Малый утверждал, что отца твоего дома быть не могло, что он самолично проводил Натана до трамвайной остановки, намереваясь выследить его и найти тот злополучный мешок.
Дядя Митя молчал. Все его разговоры со мной на эту тему неизменно обрывались на том, как он вслед за отцом оказался в вашей комнате. Почему бы тебе не вспомнить? Сколько тебе тогда было? Лет пять? Меньше?
Кому верить, Натану или Малому?
Дядя Митя подтвердил на суде, что, когда он вбежал в вашу комнату, твой отец был там. Натан был в это время дома, он был в это время подле твоей матери, пытаясь приподнять её, словно она была ещё жива. Если бы суд принял во внимание показания этих двух важнейших свидетелей — твоего отца и дяди Мити, — мой отец был бы, возможно, оправдан. Но советский суд, как пошутил один высокий чин, не может идти на поводу у свидетелей, которые призваны помогать суду, а не мешать.
Натан и дядя Митя мешали. На свет божий были вытащены отцово происхождение, его моральный и политический облик, его увольнение из техникума — в общем, всё.
Нашлись свидетели, которые показали, что он отравлял сознание советской молодёжи религией, допускал рукоприкладство, издевался над женой и сыном, был исчадием ада, прятал под шевелюрой рога и конечно же, тормозил движение нашего общества вперёд.
Не суд судил его, не закон, а мораль. Костлявый сифилитик с орлиным взором.
О Господи, если б это было так! Если б было так!.. Если бы… Если бы…
Но если это было и не так, Розалия, если твой отец солгал, то почему? Почему ему понадобилось выгораживать убийцу? Причём убийцу, который отнял у него самого близкого человека, жену. Почему же понадобилось выгораживать того, к наказанию которого он, казалось бы, должен был стремиться? И не просто выгораживать — тут-то и зарыта собака, — а подставлять под удар своё собственное алиби?
Вдумайся, Розалия!
Ведь что выходит? Выходит, если Бузя поранила себя ещё до того, как там появился мой отец, то вопрос о невиновности твоего отца отнюдь не праздный. Тем более что ревность, которую он мог тяжело переживать, узнав, что Бузя изменила ему с каким-то сопливым пацаном, могла бы послужить обвинению вполне серьёзным основанием.
К примеру, моя мать — да это и понятно в её положении, — как только до ушей её донеслись признания твоего отца, она тут же забубнила, что это он сам и убил её.
И дома, и много лет спустя она то и дело повторяла: «Натан, Натан убил её. На твоём отце чужая кровь».
Я не верю в это.

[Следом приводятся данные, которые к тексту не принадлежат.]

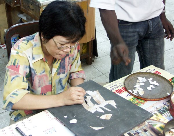 Kinder mit geistigen oder körperlichen Behinderungen geboren. (Etwa 500000 Vietnamesen leiden heute noch unter den Folgen des Gifteinsatzes.) Viele der Kinder finden eine Ausbildung und Beschäftigung in kunsthandwerklichen Werkstätten. Typisch sind z.B. Werkstätten in denen mit Seidengarn Bilder auf einen Trägerstoff gestickt werden. Die mit enormen Zeitaufwand hergestellten Stickereien eignen sich gut als Souvenier. Das Foto zeigt ein Mädchen, das eine Stickerei nach einerm Foto erstellt. |
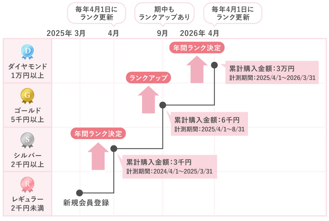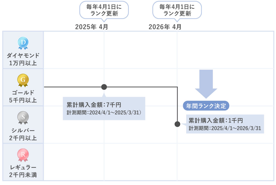 毎年4月1日に過去1年間のお買上げ商品金額に応じて会員ランクが更新されます。

Но допускаю, чтобы мысль о возможности вызвать подозрение к себе пришла к нему, и он ею пренебрёг. А прийти она могла только в том случае, если б это было так, если б он действительно сам убил.
Вот почему я говорю, что не верю в это. Хочу думать, что не верю в это. И не верю главным образом потому, что вероятность такого подозрения существует.
Да, да, именно потому, что вероятность этой версии существует, она нелепа… нелепа…
Нелепа ли?
— Если бы ты тогда померла, я бы тоже не стал жить.
— Я знаю.
— Нет, я серьезно так думал. Думал, не дай Бог — и точка. И мне жить незачем… Но сначала я решил, я им тоже что-нибудь натворю… Наберу булыжников полную корзину, приду к обкому и поразбиваю в нём все окна, потом подожгу.
— Обком?
Многоуважаемый господин Маккомб!
Мне неизвестно, что передавала Вам Розалия, но это было явно не то, что она должна была Вам передать.
Вы напрасно нервничаете. Я вовсе не собираюсь идти на попятную и «отбелять» отца. Не собираюсь — хотя бы потому, что в этом нет нужды. В моём сознании он всецело бел.
Однако суть дела не в этом.
Вы вот употребили слово «отбелить», в то время как по смыслу требовалось «обелить». Это нормально. Вы иностранец, русский язык для Вас чужой, а чужой язык всегда труден. Я, к примеру, в английском языке допускаю, очевидно, ещё большие ляпы — и ничего, всё сходит. Так что никаких претензий к Вашему русскому у меня нет, и при других обстоятельствах об этом и упоминать бы не стоило.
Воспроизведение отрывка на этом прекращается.